-------- Source data --------

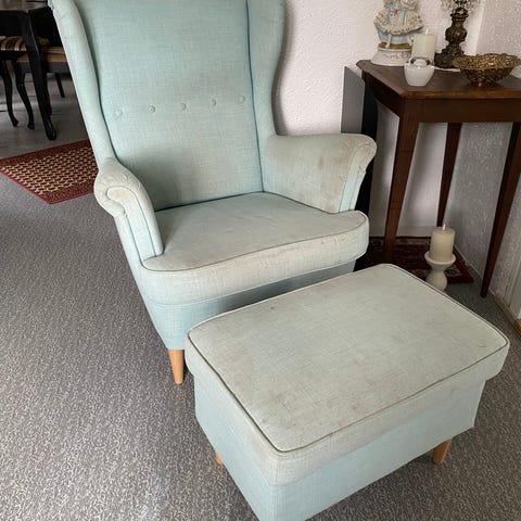 IKEA Strandmon ørelappstol og fotskammel
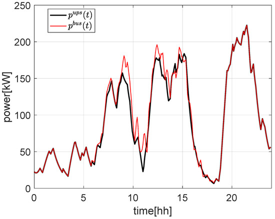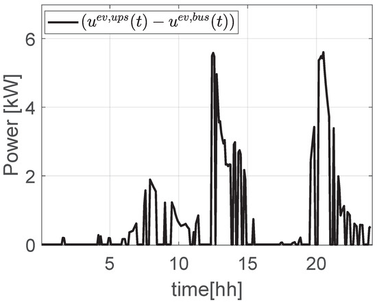As is possible to see from Figure 12, the power profile delivered to the PEVs slightly changes from the BUS to the UPS configurations, due to the fact that the cost c ( t ) (which weighs the power tracking term) also depends on x ( t ) , which is subject to the uncertainties of w ( t ) for the UPS configuration. A detailed comparison of the power profiles u e v ( t ) in the two configurations can be found in Figure 13, where it is possible to see that the UPS configuration provides slightly more power to the charging PEVs with respect to the BUS configuration. Moreover, the UPS configuration benefits of decoupling the power profile at the POC p ( t ) from the uncertainties.
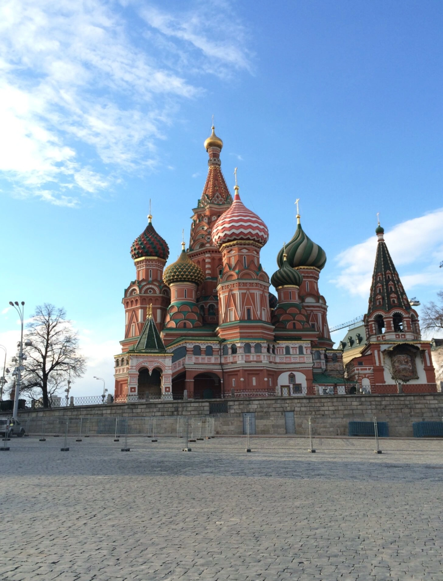 На представленной фотографии собор снят в ясную погоду. Голубое небо с лёгкими облаками служит идеальным фоном, оттеняющим яркость куполов. Мощение Красной площади на переднем плане и голые ветви деревьев, вероятно, указывают на позднюю осень или раннюю весну. Мягкий солнечный свет, падающий на восточные и южные фасады, живописно выявляет фактуру материалов и богатство цветовой палитры, от тёплых оттенков кирпича до сияния позолоченных крестов. Людей на переднем плане или крупным планом на снимке не наблюдается, что позволяет в полной мере сосредоточить внимание на величии и красоте самого архитектурного шедевра.

--------

The listing above must be restated word for word. Its pictures are to be left out.

Solution for this task
 IKEA Strandmon ørelappstol og fotskammel
As is possible to see from Figure 12, the power profile delivered to the PEVs slightly changes from the BUS to the UPS configurations, due to the fact that the cost c ( t ) (which weighs the power tracking term) also depends on x ( t ) , which is subject to the uncertainties of w ( t ) for the UPS configuration. A detailed comparison of the power profiles u e v ( t ) in the two configurations can be found in Figure 13, where it is possible to see that the UPS configuration provides slightly more power to the charging PEVs with respect to the BUS configuration. Moreover, the UPS configuration benefits of decoupling the power profile at the POC p ( t ) from the uncertainties.
 На представленной фотографии собор снят в ясную погоду. Голубое небо с лёгкими облаками служит идеальным фоном, оттеняющим яркость куполов. Мощение Красной площади на переднем плане и голые ветви деревьев, вероятно, указывают на позднюю осень или раннюю весну. Мягкий солнечный свет, падающий на восточные и южные фасады, живописно выявляет фактуру материалов и богатство цветовой палитры, от тёплых оттенков кирпича до сияния позолоченных крестов. Людей на переднем плане или крупным планом на снимке не наблюдается, что позволяет в полной мере сосредоточить внимание на величии и красоте самого архитектурного шедевра.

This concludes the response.